RECORDS FOR THIS TASK

────────

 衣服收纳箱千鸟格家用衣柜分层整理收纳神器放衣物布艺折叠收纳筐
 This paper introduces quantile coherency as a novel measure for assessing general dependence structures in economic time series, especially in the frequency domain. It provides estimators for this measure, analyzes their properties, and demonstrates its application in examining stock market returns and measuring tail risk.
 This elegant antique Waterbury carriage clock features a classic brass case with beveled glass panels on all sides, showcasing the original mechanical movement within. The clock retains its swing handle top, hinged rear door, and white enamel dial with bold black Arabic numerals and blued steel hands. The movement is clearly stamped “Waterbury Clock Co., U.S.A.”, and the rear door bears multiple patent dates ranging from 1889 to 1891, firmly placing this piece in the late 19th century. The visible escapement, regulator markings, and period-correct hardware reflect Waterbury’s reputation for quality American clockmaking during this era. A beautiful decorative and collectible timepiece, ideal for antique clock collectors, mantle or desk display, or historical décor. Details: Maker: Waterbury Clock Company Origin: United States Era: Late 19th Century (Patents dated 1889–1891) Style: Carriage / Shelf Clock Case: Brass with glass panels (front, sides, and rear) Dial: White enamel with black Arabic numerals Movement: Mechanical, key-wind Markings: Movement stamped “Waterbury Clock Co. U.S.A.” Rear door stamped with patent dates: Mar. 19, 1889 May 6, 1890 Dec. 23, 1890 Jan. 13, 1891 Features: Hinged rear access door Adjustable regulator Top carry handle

────────

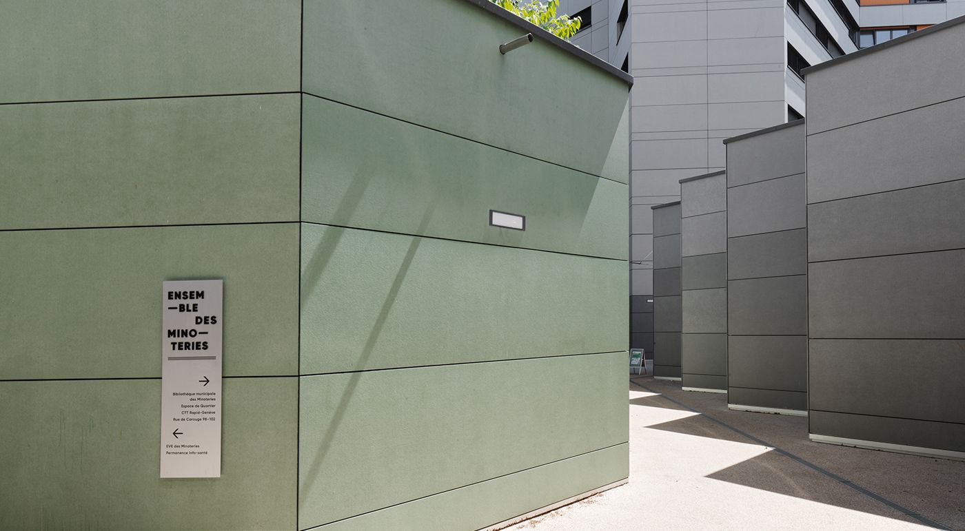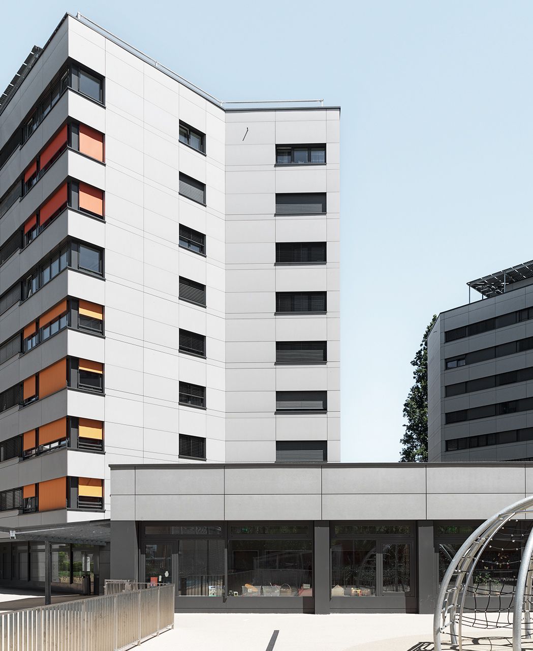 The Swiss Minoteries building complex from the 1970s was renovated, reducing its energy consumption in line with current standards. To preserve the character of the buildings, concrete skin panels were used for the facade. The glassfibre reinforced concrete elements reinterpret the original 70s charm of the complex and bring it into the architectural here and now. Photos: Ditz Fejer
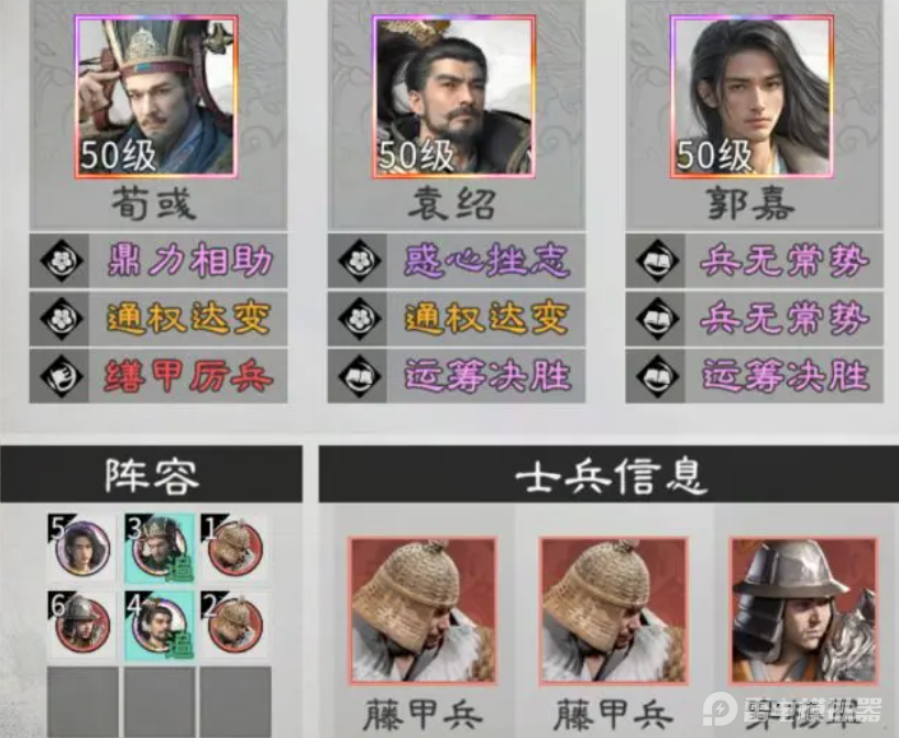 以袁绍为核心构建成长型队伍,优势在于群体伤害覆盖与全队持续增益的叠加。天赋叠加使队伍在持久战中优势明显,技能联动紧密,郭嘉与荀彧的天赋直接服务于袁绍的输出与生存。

────────

WHAT YOU ARE ASKED TO DO
Using only the entries above, output the line with "衣服收纳箱千鸟格家用衣柜分层整理收纳神器放衣物布艺折叠收纳筐", the line with "This paper introduces", and all lines between them, exactly as they stand.

ANSWER AREA
 衣服收纳箱千鸟格家用衣柜分层整理收纳神器放衣物布艺折叠收纳筐
 This paper introduces quantile coherency as a novel measure for assessing general dependence structures in economic time series, especially in the frequency domain. It provides estimators for this measure, analyzes their properties, and demonstrates its application in examining stock market returns and measuring tail risk.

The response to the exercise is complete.